The response should be an exact copy of the records, with the pictures removed.

########

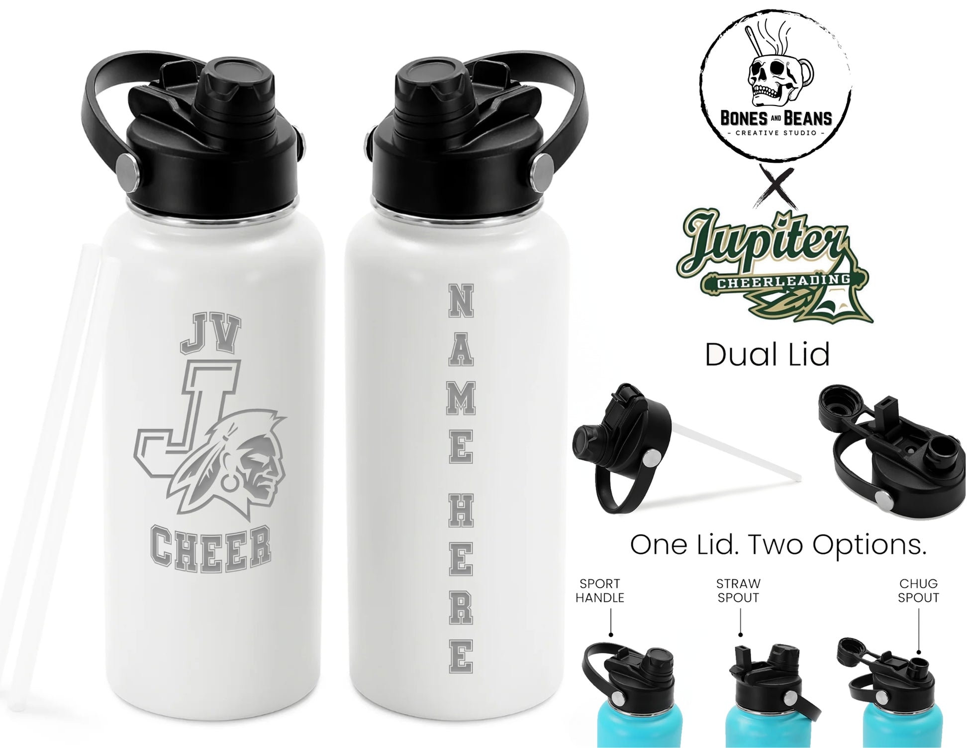 - Sleek 32oz white bottle featuring the Jupiter JV Cheer logo Ā
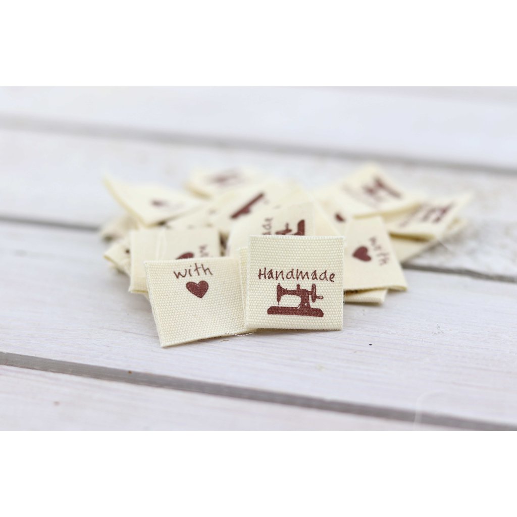 Látková cedulka Handmade se šicím strojem je vhodná k označení a ozdobení Vašich výrobků jako jsou kabelky, tašky, košíčky a další.
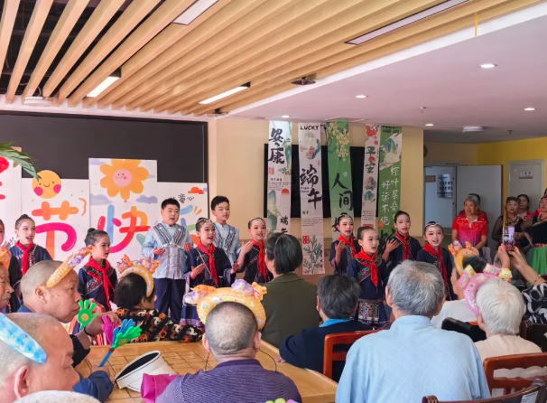 大竹林街道团工委、妇联联合人和小学、水竹社区学院舞蹈队走进两江新区中医院楠苑康复护理养老院,开展“‘粽’享青春 耆心童乐”端午·六一汇演活动。50余名老年人与社区志愿者、学校师生齐聚一堂,借着精彩欢快的文艺表演送上了节日的祝福,并通过合制节日香囊拉近了彼此距离。
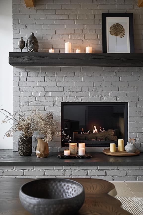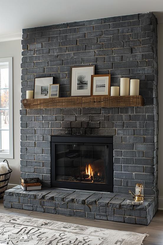 Go brave and dramatically with a dark gray, gray -dependent fireplace, which is broken with a natural wooden coat, in which several decorative elements such as framed photos of different sizes and a series of white candles belong in different lengths.
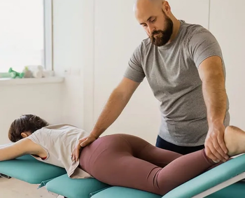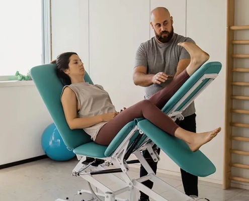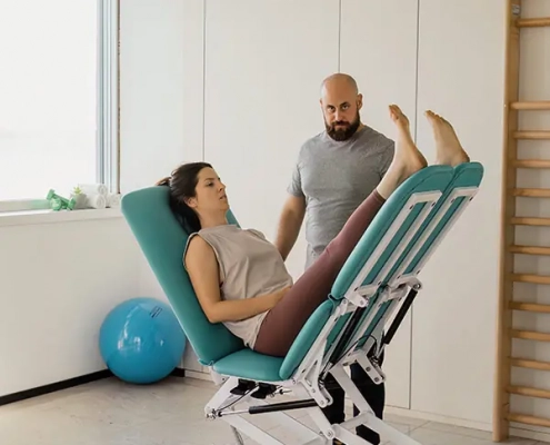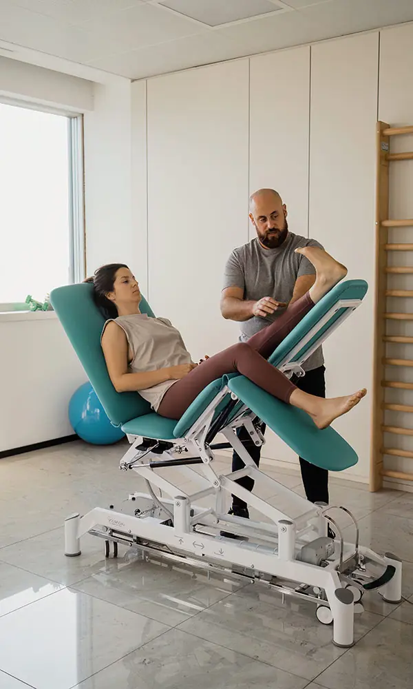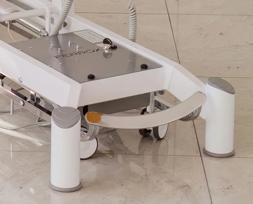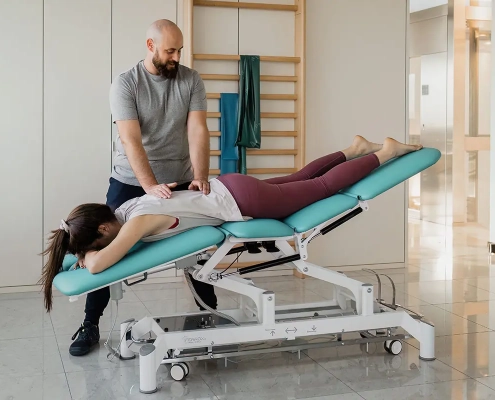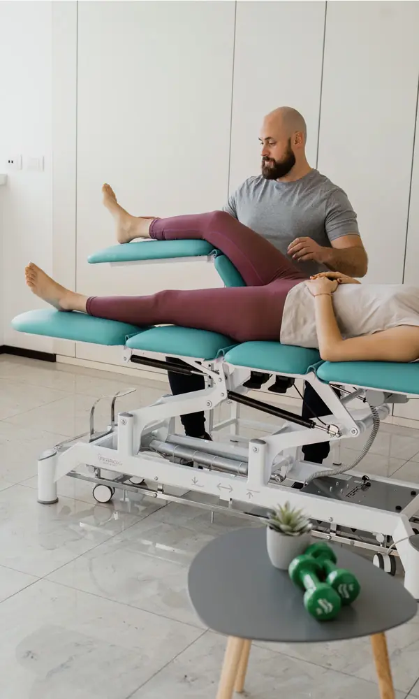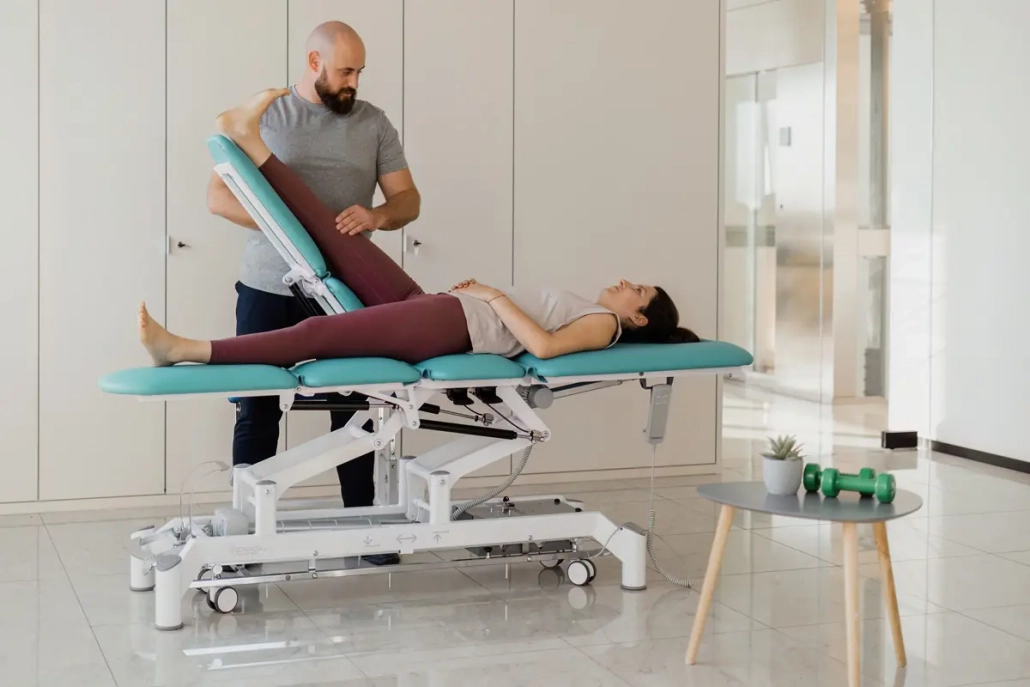 Table à hauteur variable pour examen médical, traitement, kinésithérapie et massages.
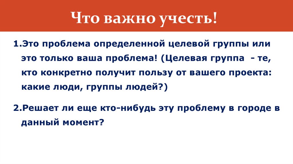 Что важно учесть!1.Это проблема определенной целевой группы или

########

## Exercise solution
 - Sleek 32oz white bottle featuring the Jupiter JV Cheer logo Ā
 Látková cedulka Handmade se šicím strojem je vhodná k označení a ozdobení Vašich výrobků jako jsou kabelky, tašky, košíčky a další.
 大竹林街道团工委、妇联联合人和小学、水竹社区学院舞蹈队走进两江新区中医院楠苑康复护理养老院,开展“‘粽’享青春 耆心童乐”端午·六一汇演活动。50余名老年人与社区志愿者、学校师生齐聚一堂,借着精彩欢快的文艺表演送上了节日的祝福,并通过合制节日香囊拉近了彼此距离。
 Go brave and dramatically with a dark gray, gray -dependent fireplace, which is broken with a natural wooden coat, in which several decorative elements such as framed photos of different sizes and a series of white candles belong in different lengths.
 Table à hauteur variable pour examen médical, traitement, kinésithérapie et massages.
 Что важно учесть!1.Это проблема определенной целевой группы или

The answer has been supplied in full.